Netflix Maestro and Apache Iceberg Power Netflix's Incremental Processing
Published on Netflix TechBlog, Nov 20, 501 | 16 min read
By Jun He, Yingyi Zhang, and Pawan Dixit
Netflix, a data-driven platform, introduces an efficient approach to incremental processing using Netflix Maestro and Apache Iceberg. Incremental processing involves processing new or changed data in workflows, reducing compute resource costs and execution time significantly. In this blog post, the authors delve into the challenges faced in Netflix workflows and elaborate on the Incremental Processing Solution (IPS) built with Netflix Maestro and Apache Iceberg.
Introduction
Netflix's reliance on data for various aspects of its business demands scalable low-latency incremental processing. The common challenges faced include issues related to data freshness, data accuracy, and backfill operations. Existing solutions, such as lookback windows and foreach patterns, are suboptimal and cost-inefficient.
Netflix Maestro
Maestro, Netflix's data workflow orchestration platform, serves thousands of users and offers fully managed workflow-as-a-service (WAAS). IPS is seamlessly integrated into Maestro, extending its capabilities with a new trigger mechanism and step job type for incremental processing.
Apache Iceberg
Iceberg is a high-performance format for large analytic tables, enabling engines like Spark, Trino, Flink, Presto, Hive, and Impala to work with the same tables concurrently. IPS leverages Apache Iceberg to capture incremental changes efficiently.
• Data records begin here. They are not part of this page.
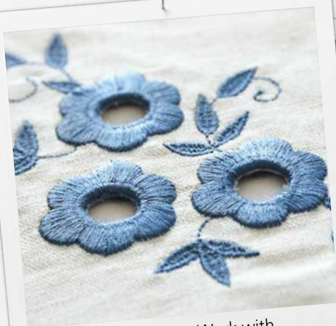
Advanced CutWork with Eyelet Embroidery and Appliqué
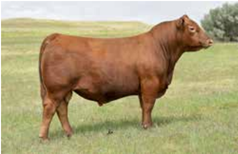
LACY COLLUSION 115F Paternal Grand sire of Lots 12-17
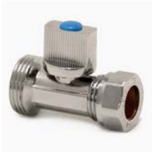
K637 appliance valve, straight pattern
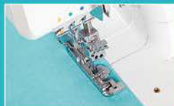
Chain stitch presser foot
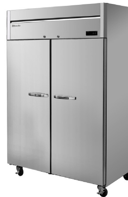
BSR49T-HC / BSF49T-HC
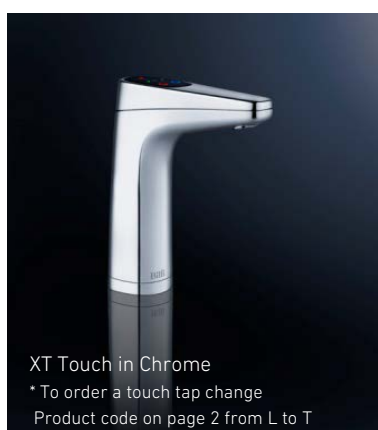
XT Touch in Chrome

* To order a touch tap change Product code on page 2 from L to T
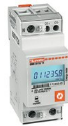
Single-phase energy meters DMED115T1 single-phase 2
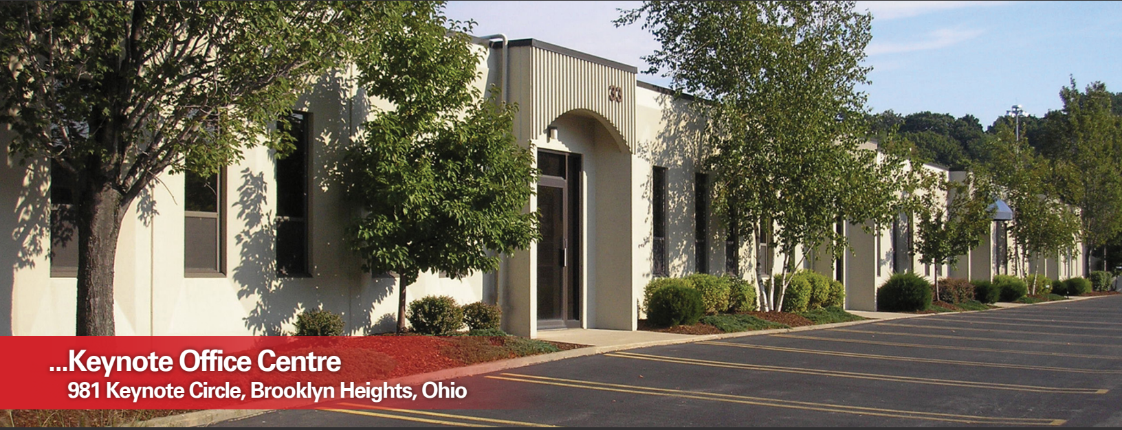
...Keynote Office Centre 981 Keynote Circle, Brooklyn Heights, Ohio

“Flexible Spaces in All the Right Places” is what Fogg had in mind when designing their large portfolio of office, industrial and office/warehouse (flex) properties. Strategically located near major freeways in northeast Ohio, Fogg’s properties offer flexible floor plans, truck access and lease terms, as well as expansion opportunities for their growing customers.
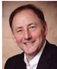
Arye Gross Actor
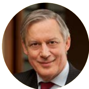
Mr. Christian Noyer, Former Vice President of the European Central Bank & former Governor of the Bank of France
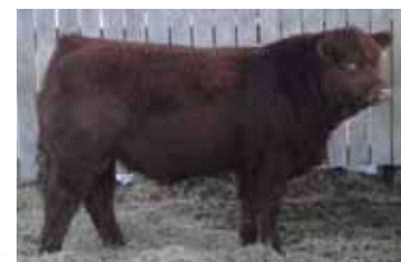
Maternal Brother of Lot 4 ANCHOR B CHARLSTON 50C
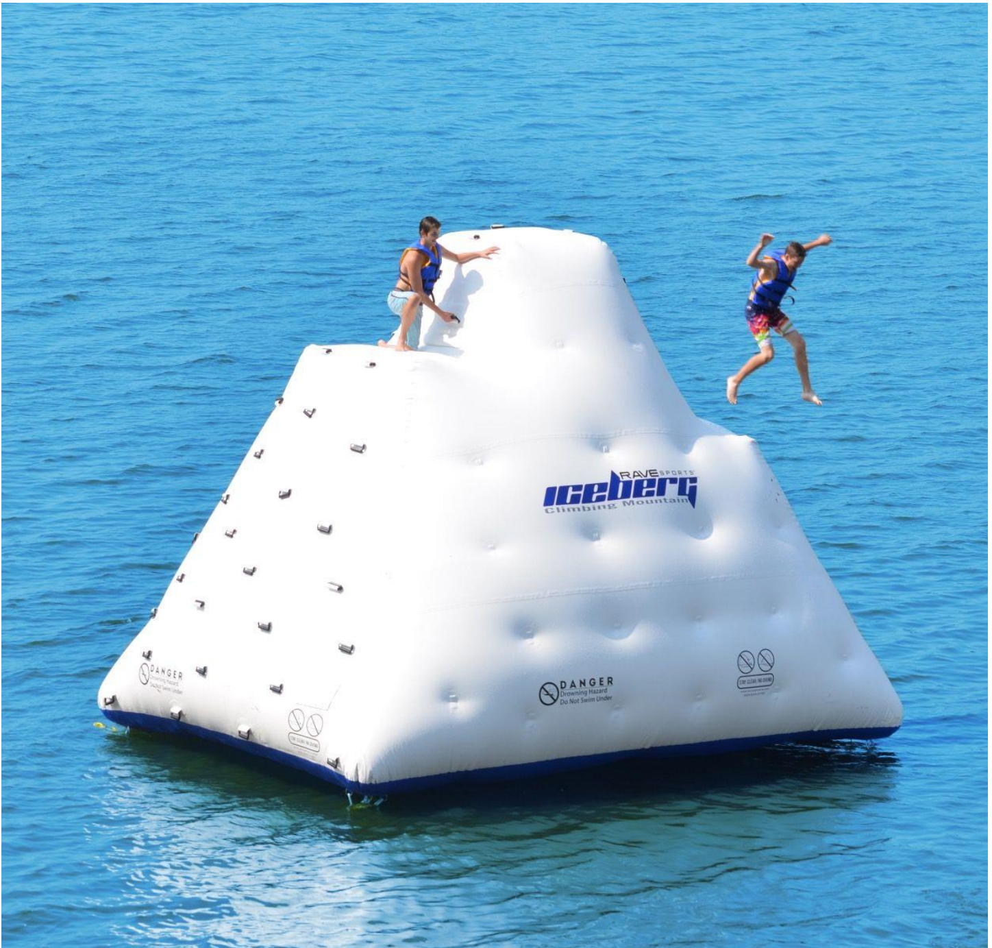
Approximate cost $11,000 to $12,000
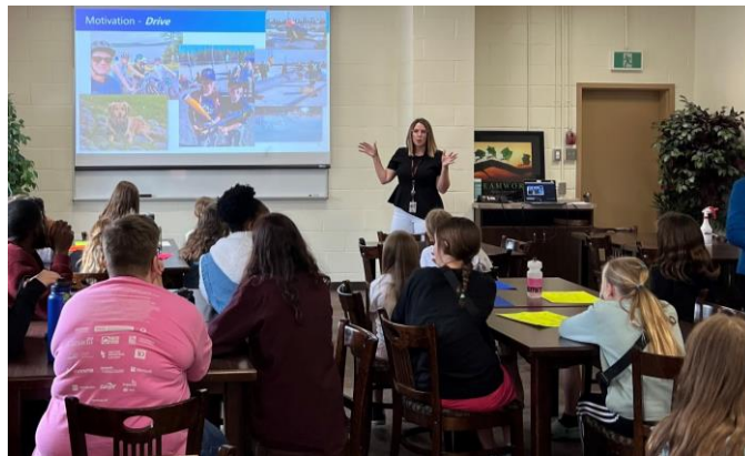
HMDC representative attended the GirlQuest Camp to talk with STEM loving students about her career as an engineer.
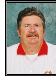
Warehouse Co- ordinator & Statistician

Incremental Change Capture Design
IPS introduces an innovative solution for incremental change capture, avoiding data duplication. It creates an Iceberg table called ICDC that references new data file changes without copying the actual data. The lightweight approach seamlessly integrates with Maestro, allowing users to adopt incremental processing effortlessly.
Main Advantages
The IPS design ensures minimal effort for users to adopt incremental processing, decoupling user business logic from IPS implementation. Users can mix incremental processing workflows with existing ones in multi-stage pipelines, simplifying workflows and achieving significant cost reduction.
Emerging Incremental Processing Patterns
While onboarding pipelines to IPS, several patterns emerge, including direct appending of change data to the target table, using change data as a filter list to remove unnecessary transformation, and incorporating captured range parameters in business logic.
Use Cases
Netflix's data workflows often deal with late-arriving data, traditionally addressed using lookback window patterns. IPS improves cost efficiency by eliminating unnecessary data reprocessing, resulting in a significant reduction in resource usage and execution time.
Looking Forward
Netflix aims to enhance IPS to support more complex scenarios beyond append-only cases, tracking table changes' progress, and supporting multiple Iceberg table change types. Managed backfill support will also be added to IPS, further improving user experience.
Acknowledgements
The authors extend their gratitude to various contributors and leaders at Netflix for their valuable feedback and suggestions during the development of IPS.